My bed fits into a windowless nook, five feet from my toilet. That night, it takes me longer than usual to nod off—I'm half-expecting to be Kulwant's latrine—but at some point, I'm so exhausted that I stop worrying about it. When I rise in the morning, Kulwant is already gone, the bedding folded neatly on my couch, leaving only the impression of his hairy form on the empty cot and a CD of his newest songs.

“CLEANING DINKS WAS one of the first things I learned as a groom,” Randi tells me, lugging the bucket that she uses to wash horse penises down the shed row to another trainer's stable. “Nowadays, people don't have enough time.”

In his stall at the track, lying on bedding, a male horse will collect dirt, scum, and sawdust in his nether regions. After a few months, the horse penis, which retracts into a sheath, becomes a smegma factory, which leads to infection, discomfort, and difficulties with urination. Cleaning a horse penis is a straightforward, if unsavoury task that many of today's newfangled grooms are too icked out to perform. At the same time, handling a thousand-pound animal's junk requires confidence and finesse; a bold novice might get himself hurt if he squeezes or pulls too hard.

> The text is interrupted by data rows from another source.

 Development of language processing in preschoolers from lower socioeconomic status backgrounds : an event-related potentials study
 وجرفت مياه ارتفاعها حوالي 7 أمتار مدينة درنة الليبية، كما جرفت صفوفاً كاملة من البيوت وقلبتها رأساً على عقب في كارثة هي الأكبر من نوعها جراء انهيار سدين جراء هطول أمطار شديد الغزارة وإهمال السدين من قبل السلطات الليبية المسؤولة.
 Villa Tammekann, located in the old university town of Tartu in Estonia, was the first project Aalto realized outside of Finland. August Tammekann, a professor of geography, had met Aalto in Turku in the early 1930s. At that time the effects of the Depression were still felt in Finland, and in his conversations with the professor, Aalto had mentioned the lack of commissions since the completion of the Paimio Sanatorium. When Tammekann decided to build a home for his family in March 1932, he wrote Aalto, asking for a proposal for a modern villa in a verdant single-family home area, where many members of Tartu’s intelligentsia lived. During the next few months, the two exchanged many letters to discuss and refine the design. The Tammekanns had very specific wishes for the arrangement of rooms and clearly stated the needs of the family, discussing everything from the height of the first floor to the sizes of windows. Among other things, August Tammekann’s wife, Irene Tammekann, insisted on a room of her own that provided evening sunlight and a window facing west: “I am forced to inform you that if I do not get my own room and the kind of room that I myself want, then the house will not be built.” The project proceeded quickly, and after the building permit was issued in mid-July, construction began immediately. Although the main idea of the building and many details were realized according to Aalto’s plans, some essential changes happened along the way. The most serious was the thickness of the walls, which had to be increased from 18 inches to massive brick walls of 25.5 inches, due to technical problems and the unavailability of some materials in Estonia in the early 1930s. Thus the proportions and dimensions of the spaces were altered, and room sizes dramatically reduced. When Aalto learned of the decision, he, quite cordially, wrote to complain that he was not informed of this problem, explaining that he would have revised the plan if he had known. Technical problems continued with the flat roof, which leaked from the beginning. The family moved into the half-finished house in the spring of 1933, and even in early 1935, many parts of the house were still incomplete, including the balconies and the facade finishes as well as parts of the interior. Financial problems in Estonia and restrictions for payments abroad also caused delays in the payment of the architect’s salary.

“You have to fucking have a knack for it,” Randi tells me. “You have to be gentle.”

When other trainers found out that Randi was willing to do the work, it became a lucrative part-time job for her—at $20 a go, cleaning half a dozen horse penises at a time. Randi even had joke business cards made:

Once we get to the other barn, Randi introduces me to a groom named Daryl, a friendly guy wearing a baseball cap over his mullet, who holds the horses while Randi roots underneath them.

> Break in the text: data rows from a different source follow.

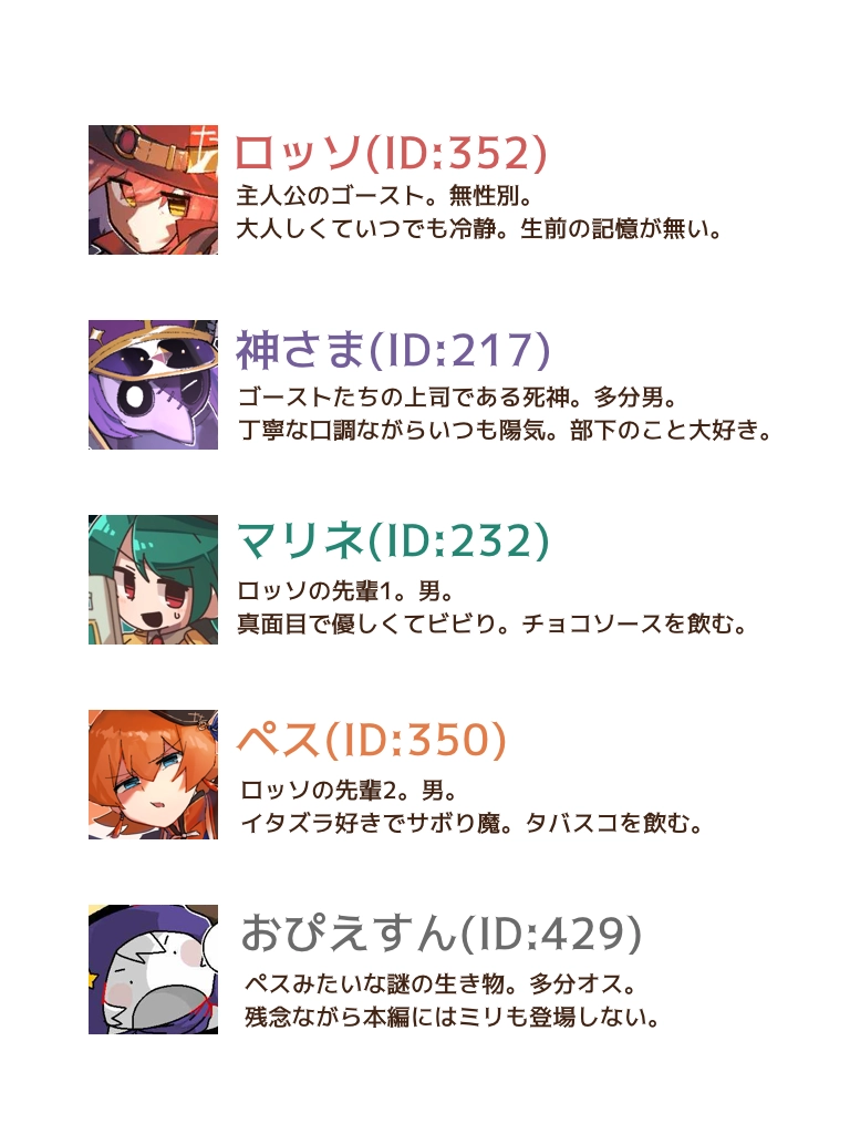 生い立ち:マリネです!ゴーストとして、死神の神さまの部下やってます。去年、たまたまペス君と参加したぽれんに、今年は神さまとロッソ君も誘ってみました。皆のこと守れるか不安だけど…リーダーなんだし、頑張らないと!では、あなたの最期のシンパンを始めます!
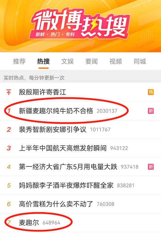 6月30日凌晨,一条关于麦趣尔的词条快速升至微博热搜第一。
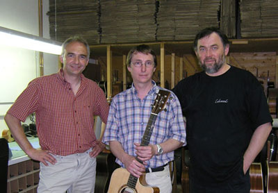 Lakewood D-14 für Elixir® Strings GewinnerDass es sich doppelt und dreifach lohnen kann, Elixir® Saiten zu spielen, das konnte kürzlich Peter Müller aus Wetzlar erfahren: Im Frühjahr diesen Jahres gab es eine limitierte Anzahl von Elixir® Saitenpackungen mit Rubbel-Gewinnaufklebern. Mit seinem freigelegten Gewinncode zog Peter einen Hauptgewinn und entschied sich für eine Lakewood D-14. Da die Gitarre nicht einmal 15 Kilometer von seinem Wohnort entfernt das Licht der Welt erblickte, konnte er sie quasi gleich an ihrem "Geburtsort" in Empfang nehmen. Der gelernte Modellschreiner nutzte die Gelegenheit zu einer Besichtigung und ließ sich mit großem Interesse von Lakewood Chef Martin Seeliger in die Geheimnisse des Gitarrenbaus einweihen. |

The first horse, a four-year-old named Surprisal, lets Randi give him the reach-around with little apprehension. Randi uses soap and a sponge, though some of the horse-care websites I visit afterwards also suggest using K-Y Jelly. She leans under him with her free hand dangling back for balance as though she were fencing.

“He's not very dirty,” Randi says, turning to me with an almost disappointed look. “I've done him a few times before.”

Like many horses at Hastings whose bloodlines aren't worth passing on, Surprisal is gelded. An unaltered horse brings another degree of awkwardness to dink cleaning. Randi, who's taken a week off from the post office, says that she cleaned a ball-swinging colt the day before. “He kind of liked it, which can make the job easier,” Randi says, breaking into a smile. “Usually, when they're studs, they're real jerks.”